[ACTIVITY]:
Set down every line from the one containing "Italienischer Baumwollstoff mit" through the last line of the records below, exactly as written, and leave out the pictures.

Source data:
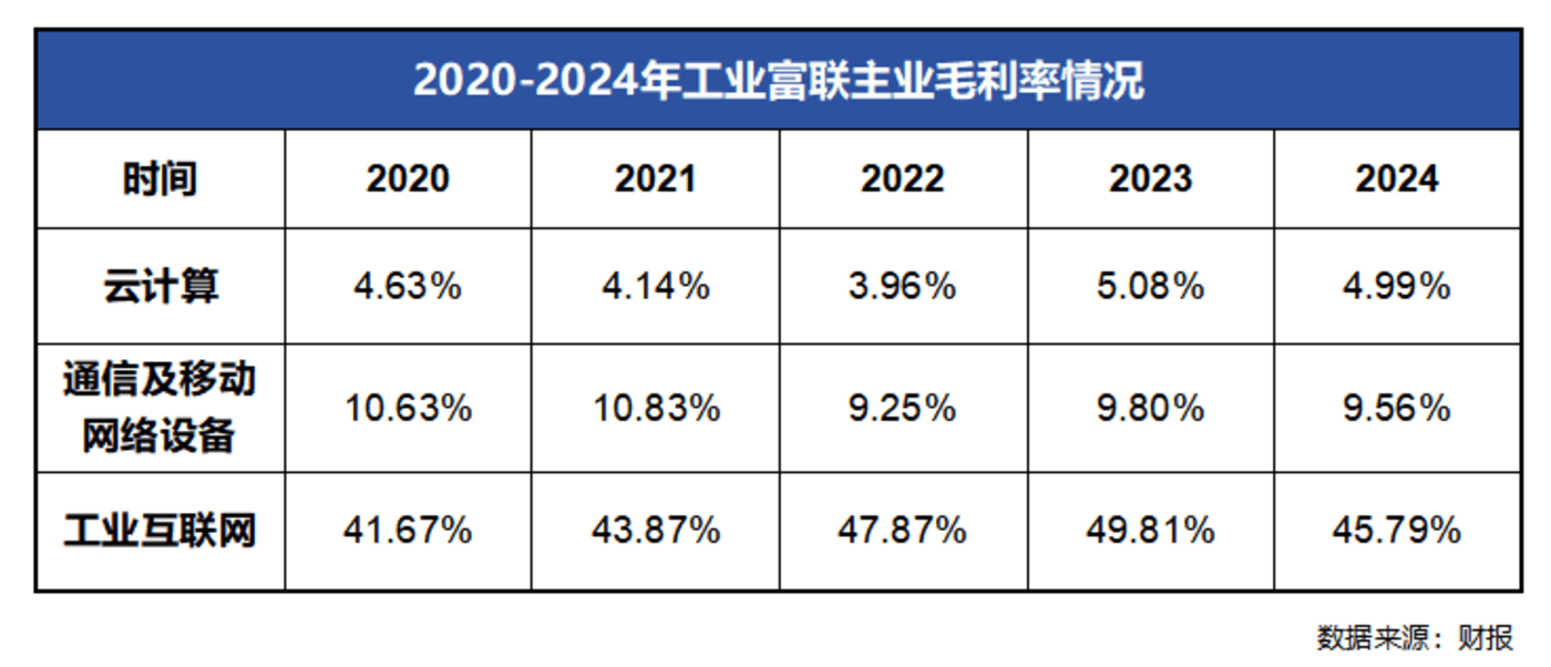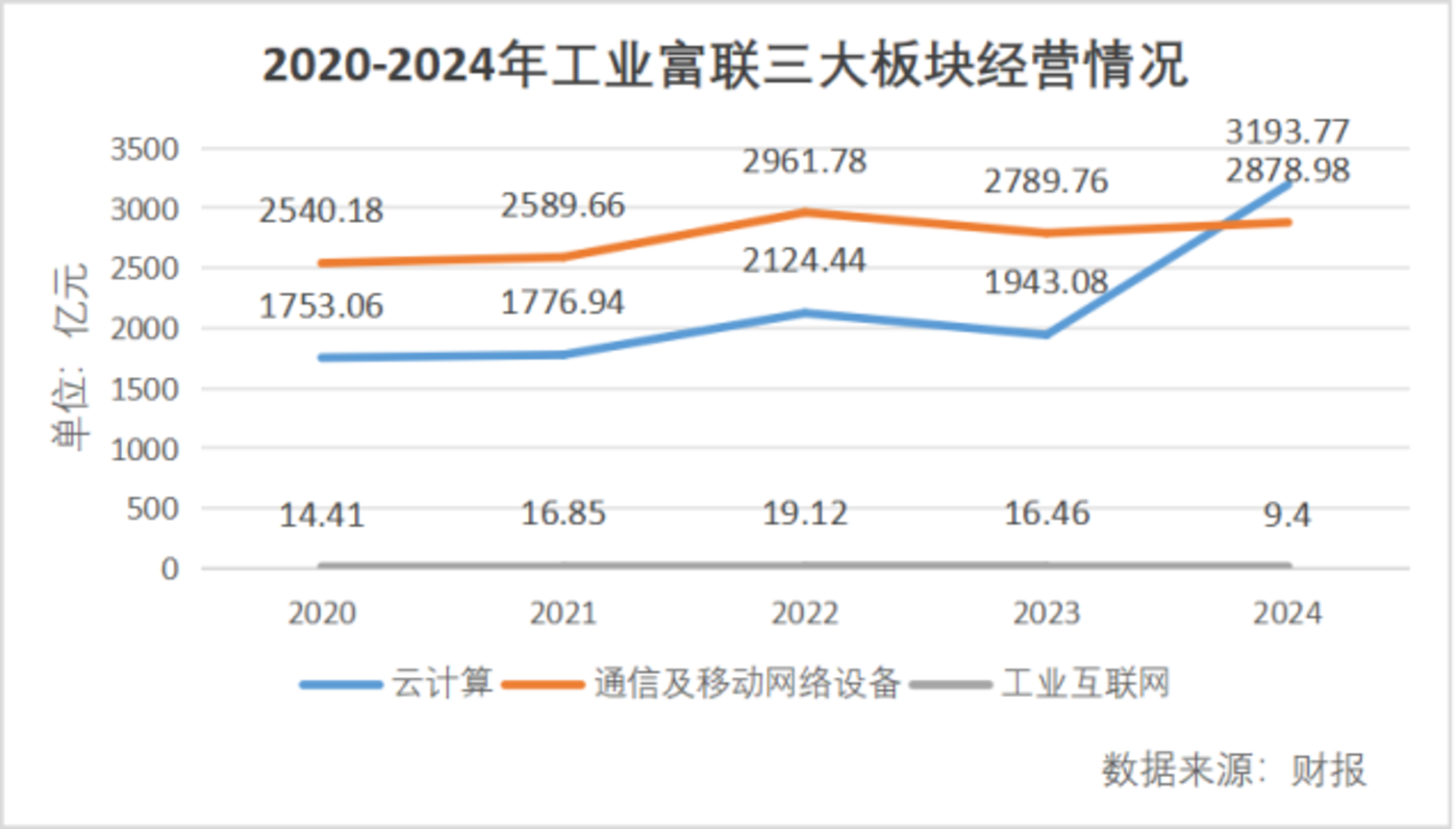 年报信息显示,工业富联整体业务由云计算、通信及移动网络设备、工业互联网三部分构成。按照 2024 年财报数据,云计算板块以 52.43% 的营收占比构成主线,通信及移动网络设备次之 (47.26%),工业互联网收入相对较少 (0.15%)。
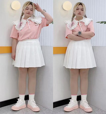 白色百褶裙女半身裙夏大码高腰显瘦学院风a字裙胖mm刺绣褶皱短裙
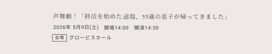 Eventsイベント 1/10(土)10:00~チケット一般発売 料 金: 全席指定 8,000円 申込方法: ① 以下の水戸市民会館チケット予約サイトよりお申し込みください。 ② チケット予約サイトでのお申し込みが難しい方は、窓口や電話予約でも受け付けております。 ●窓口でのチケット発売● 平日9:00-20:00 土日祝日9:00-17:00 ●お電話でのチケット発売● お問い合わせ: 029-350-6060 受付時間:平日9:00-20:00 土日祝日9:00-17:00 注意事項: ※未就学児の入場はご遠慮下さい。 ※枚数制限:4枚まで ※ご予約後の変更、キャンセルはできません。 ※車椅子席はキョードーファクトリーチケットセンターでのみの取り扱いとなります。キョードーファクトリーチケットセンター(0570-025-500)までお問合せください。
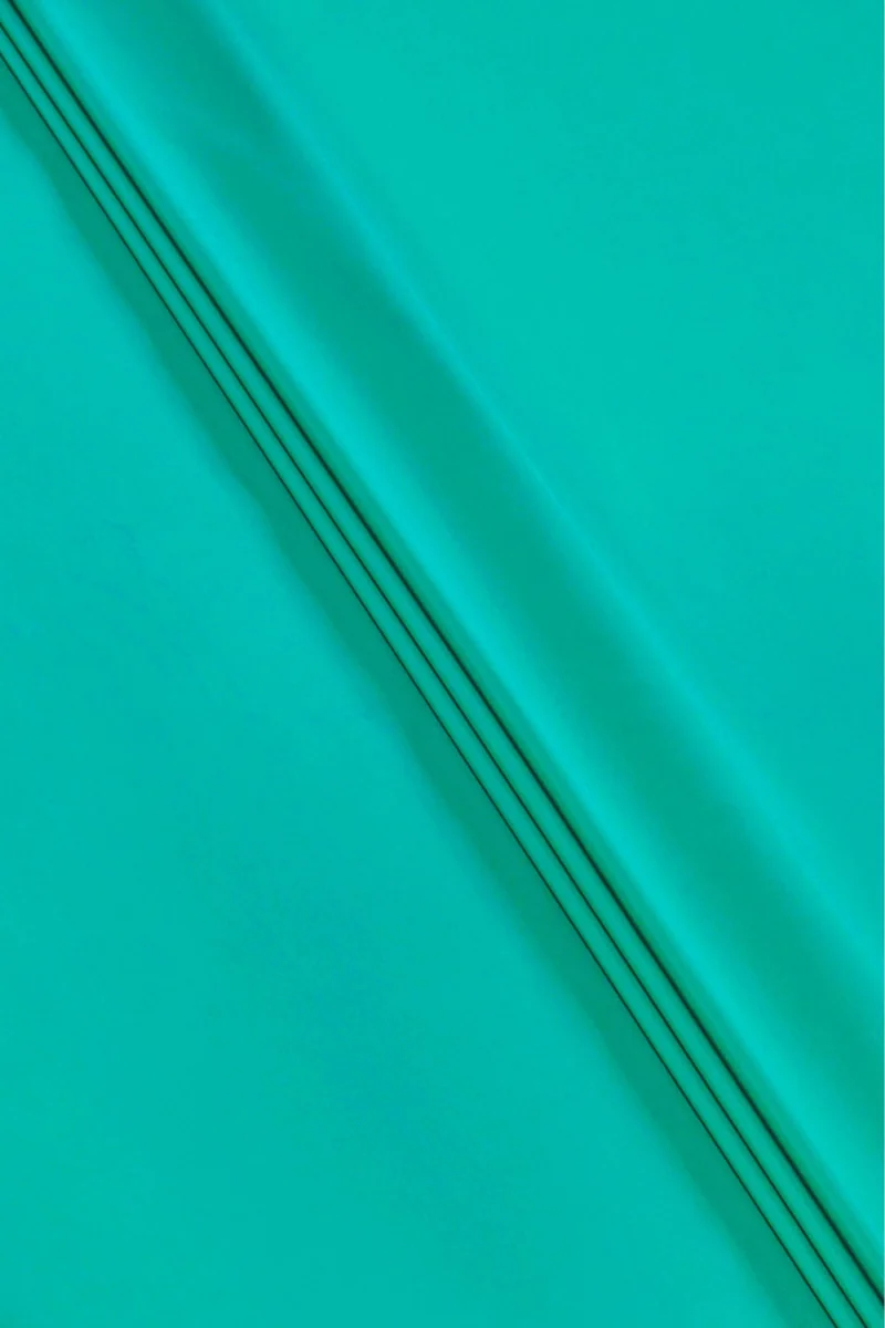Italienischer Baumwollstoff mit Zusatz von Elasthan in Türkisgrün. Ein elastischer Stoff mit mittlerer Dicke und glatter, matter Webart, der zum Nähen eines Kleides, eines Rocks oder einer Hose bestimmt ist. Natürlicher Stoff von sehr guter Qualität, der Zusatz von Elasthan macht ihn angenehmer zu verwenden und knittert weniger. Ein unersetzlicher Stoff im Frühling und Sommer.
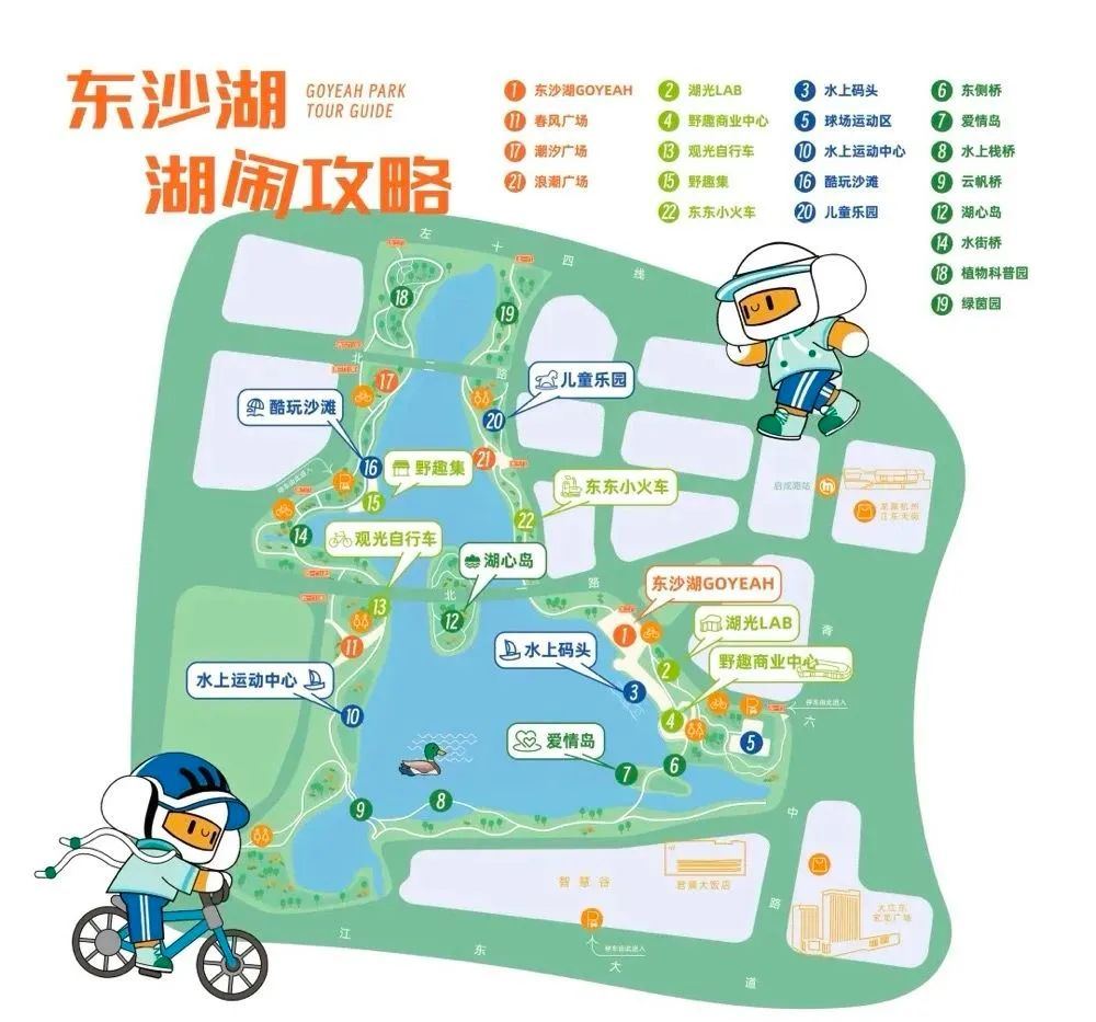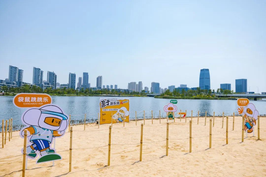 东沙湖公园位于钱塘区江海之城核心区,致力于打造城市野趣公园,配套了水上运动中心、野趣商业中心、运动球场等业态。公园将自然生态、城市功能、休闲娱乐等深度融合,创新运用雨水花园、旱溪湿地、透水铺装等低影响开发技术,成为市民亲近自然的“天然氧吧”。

[COMPLETED TASK]:
Italienischer Baumwollstoff mit Zusatz von Elasthan in Türkisgrün. Ein elastischer Stoff mit mittlerer Dicke und glatter, matter Webart, der zum Nähen eines Kleides, eines Rocks oder einer Hose bestimmt ist. Natürlicher Stoff von sehr guter Qualität, der Zusatz von Elasthan macht ihn angenehmer zu verwenden und knittert weniger. Ein unersetzlicher Stoff im Frühling und Sommer.
 东沙湖公园位于钱塘区江海之城核心区,致力于打造城市野趣公园,配套了水上运动中心、野趣商业中心、运动球场等业态。公园将自然生态、城市功能、休闲娱乐等深度融合,创新运用雨水花园、旱溪湿地、透水铺装等低影响开发技术,成为市民亲近自然的“天然氧吧”。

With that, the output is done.